A Deepmind developer gives a glimpse into Google’s chat AI lab on Twitter, demonstrating a capability that ChatGPT still lacks.
In May, Deepmind introduced Flamingo, a multimodal AI model that combines image processing (Deepmind Perceiver) and language (Deepmind Chinchilla). This visual language model processed images and associated text during training, developing a rudimentary understanding of the subjects in images.
Thanks to the language model and via a complementary dialog interface, the Flamingo system can answer questions about the image content and be guided to a more detailed result or asked for background information. This multimodality is still unknown to ChatGPT.
Ice crusher, garlic or potato press
Oriol Vinyals, Research Director and Deep Learning Lead at Google’s sister company Deepmind, now shows an impressive new Flamingo presentation on Twitter.
A visually challenging photo of his father’s used potato press serves as the starting point: Flamingo first guesses an ice crusher and is then guided to the correct result by the user through two feedbacks. When asked, Flamingo explains how the potato press works.
Back in May, Deepmind researcher Roman Ring demonstrated Flamingo’s image analysis and dialog capabilities using a special photo (see tweet below). What makes it special is the humor, which is only revealed through contextual and social understanding: President Obama secretly puts his foot on the scale so that the person on the scale will show a higher weight. People in the scene laugh.
The photo is also special because Tesla’s former AI chief, Andrei Karpathy, wrote about a decade ago that the AI industry was still “very, very far from” understanding the content of it. Does Flamingo get the humor?
10 yrs ago @karpathy wrote a blog post on the outlook of AI: https://t.co/bbp5in8tfc in which he describes how difficult it would be for an AI to understand a given photo, concluding "we are very, very far and this depresses me."
Today, our Flamingo steps up to the challenge. pic.twitter.com/JFmrMZTrUw
— Roman Ring (@Inoryy) May 6, 2022
Karpathy called the Flamingo demonstration in May “not exactly convincing, but cute.” He criticized incorrect and sometimes inaccurate answers and strong guidance from the questions. Based on the demo, it was not clear whether Flamingo really got the joke – but the system was “clearly on track to,” Karpathy wrote.
Is Google under pressure from ChatGPT?
Some people in editorial and social media are claiming that ChatGPT is a threat to Google’s core Internet search business. The New York Times also reports that Google has issued “Code Red” over ChatGPT, saying the system poses a fundamental threat to Google’s business. This is although ChatGPT currently mainly generates fictitious and generic texts or corrects simple code. It is not good at providing reliable answers to questions.
The ChatGPT experience is undoubtedly impressive, but it lacks reliable facts for a Google competitor. Even if OpenAI were to achieve high reliability, there would still be many unanswered questions about timeliness, source transparency, copyright, and scaling, as I point out elsewhere.
The recent Flamingo demo shows that Google probably would be able to respond quickly to ChatGPT on a purely technical level. In addition to Flamingo, Deepmind also has a similarly capable chatbot, Sparrow, in development, while Google itself is likely working on Assistant 2.0 with LaMDA. Moreover, Google has the most experience in using language AI for search, as even Meta’s AI chief Yann LeCun writes.

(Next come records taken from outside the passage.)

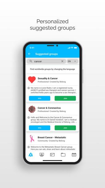 이 앱은 또한 세계 최초의 실시간 대화형 AI 종양 멘토인 "Dave"를 특징으로 하며, 암과 여정에 대한 질문과 우려에 공감하고 맞춤형 답변을 제공합니다. Belong를 통해 당신은 지원적이고 주의 깊으며 상호작용적인 환자 커뮤니티에 접근할 수 있으며, 당신의 특정한 필요, 관심사, 우려에 맞춤화된 환자와 보호자의 소셜 네트워크를 포함합니다. 게다가, 이 앱은 맞춤형 콘텐츠와 업데이트를 제공하며, 단계별로 팁과 알림을 제공하는 치료 내비게이션 도구도 제공합니다.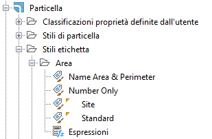 Anteprima dello stile di etichetta personalizzato per l'area della particella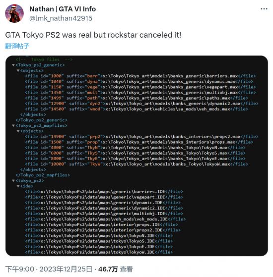 如上图,推主从代码中找到了含有“东京”、“PS2”,“模型”、“美术”等关键词,暗示R星很久以前曾计划将《GTA》的舞台设置在日本东京,但很遗憾未能落实。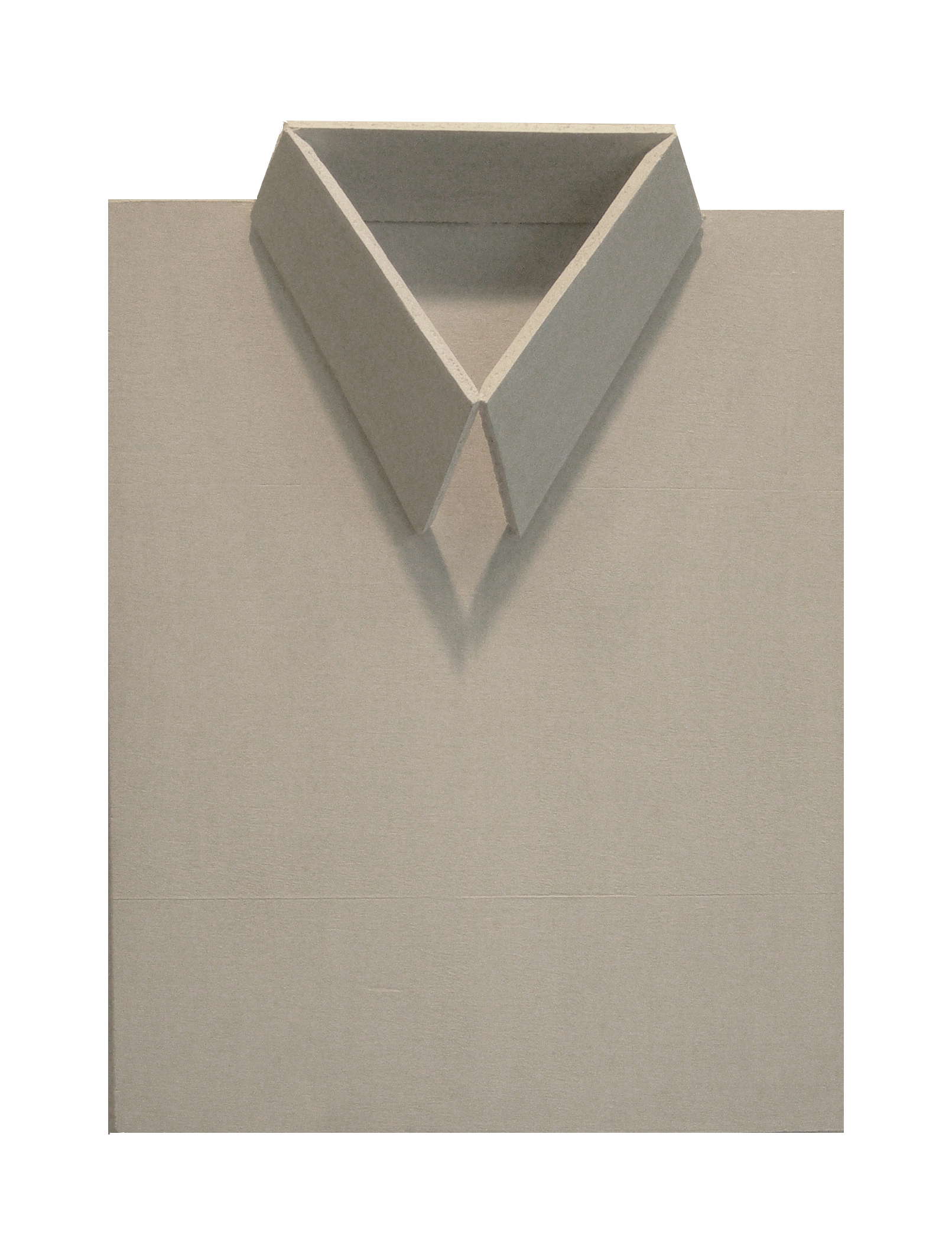 Quattro pezzi di legno rettangolari dipinti di bianco e assemblati tra loco formano Shirt di Claudio Destito (Roma, 1959) a evocare scherzosamente una camicia inamidata e piegata, pronta per essere infilata in valigia, una riflessione ironica sulla metafora della vita come viaggio senza fine.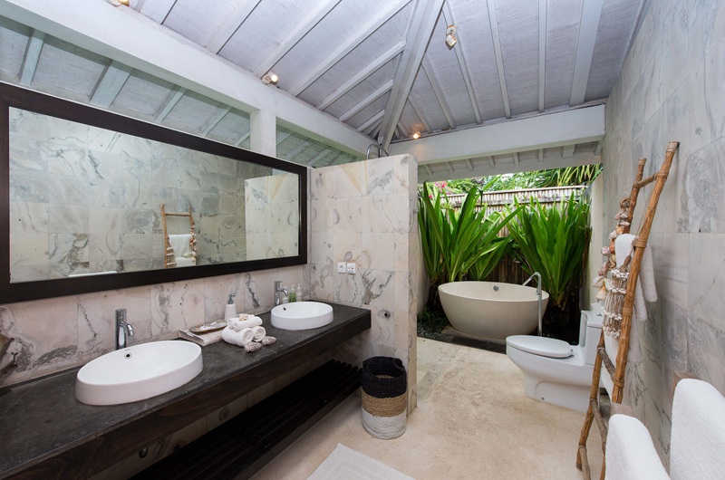 Villa Tranquilla’s living room has an open-sided layout which directly gives out to the poolside terrace. The generous room is furnished with large sofas and a beautiful wicker chair suspended from the ceiling. Villa Tranquilla has a separate air-conditioned TV room.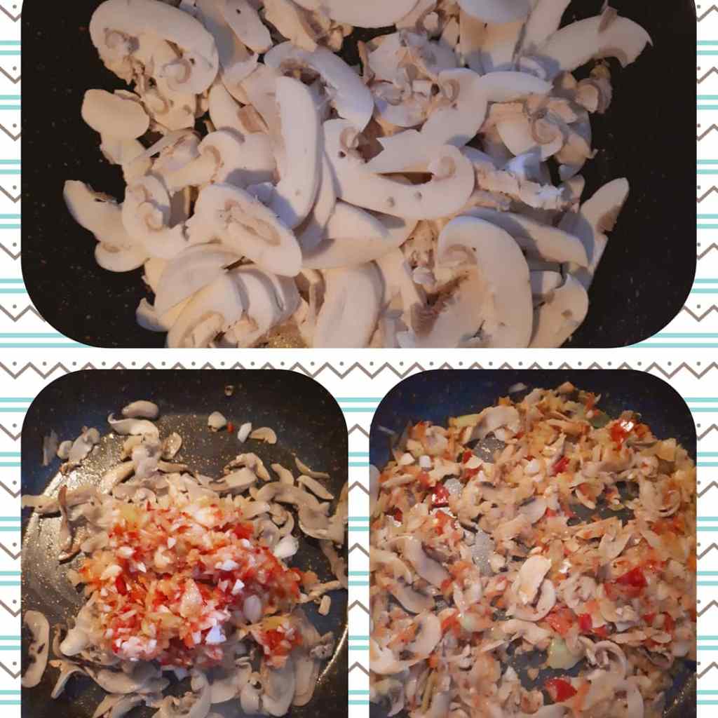 - Tavaya mantarları alalım ve suyunu salıp çekene kadar pişirelim.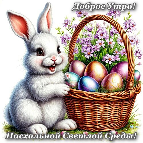 Красочная праздничная открытка к Пасхе с изображением милого пушистого белого кролика. Рядом с кроликом стоит плетеная корзина, наполненная яркими раскрашенными пасхальными яйцами и нежными фиолетовыми цветами. На картинке расположены поздравительные надписи на русском языке: «Доброе Утро!» сверху и «Пасхальной Светлой Среды!» снизу. Изображение выполнено в ярком, сказочном стиле, идеально подходит для передачи весеннего настроения и пасхального поздравления близким и друзьям.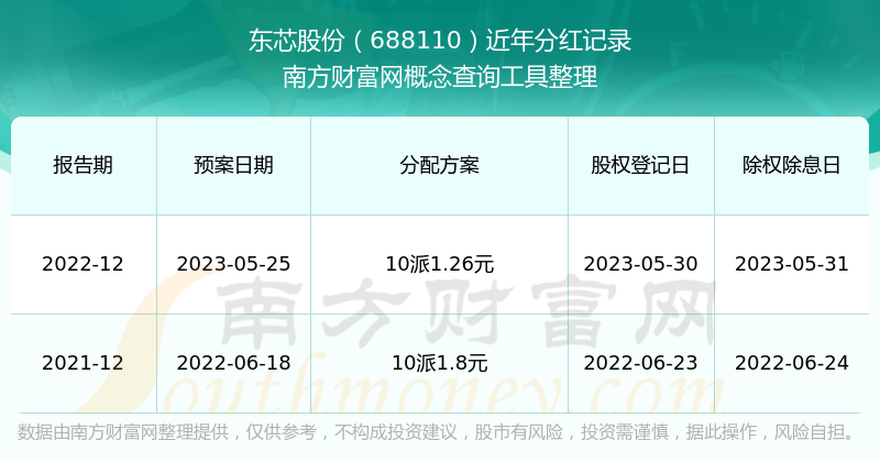 东芯股份最新一次公布的分红方案:10派1.26元。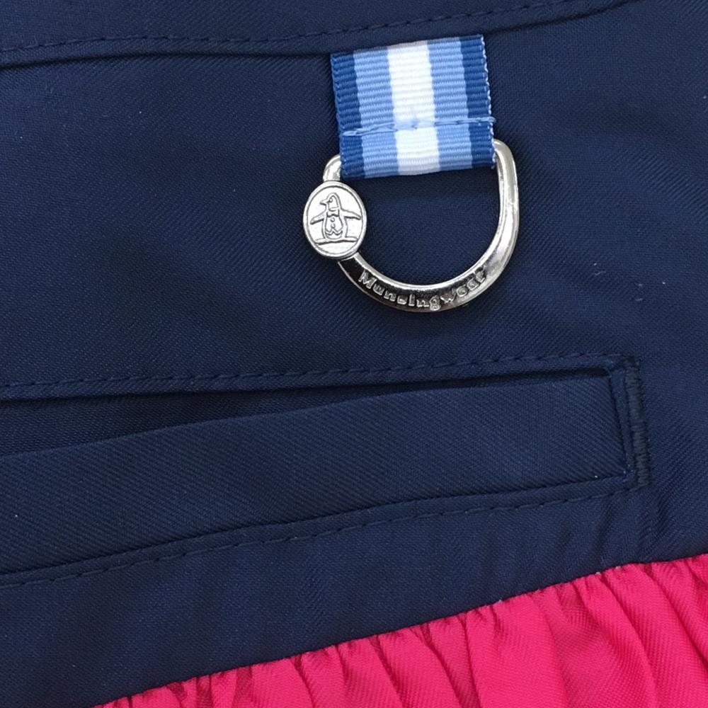 【新品】マンシングウェア プリーツスカート ピンク×ネイビー 裾ボーダー 裏地付 レディース 11 ゴルフウェア Munsingwear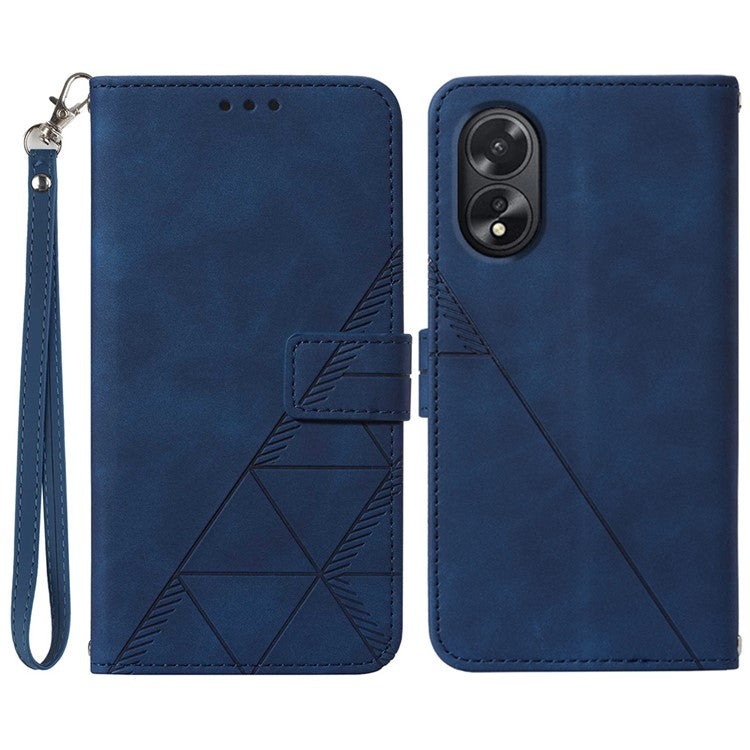 YB Imprinting Series-1 For Oppo A38 4G Phone Case Stand Wallet Leather Cover with Strap - Sapphire

Google is in much better position to bring the latest NLP tech to search than any LLM company is to building a search engine (including OpenAI).
And yes, Google has been doing it for years.
Just as Facebook has been doing it for content ranking. https://t.co/QghhUqeMHo
— Yann LeCun (@ylecun) December 20, 2022
While OpenAI’s ChatGPT may not be a technical challenge for Google, it could still pose an economic threat: Google earns its money from advertising.
A large portion of its revenue, about $39 billion out of about $70 billion in the third quarter of 2022, comes from ads in Google Search. A new form of chatbot search would have to be monetizable at the level of Google Search so that Google does not lose market value.
In this respect, Google might actually feel pressure from ChatGPT: the company could dominate the Internet search even in the chatbot era, but still lose a lot of money due to a forced system change.
OpenAI is also supported by Microsoft, which can almost only gain in Internet search and therefore take full risk.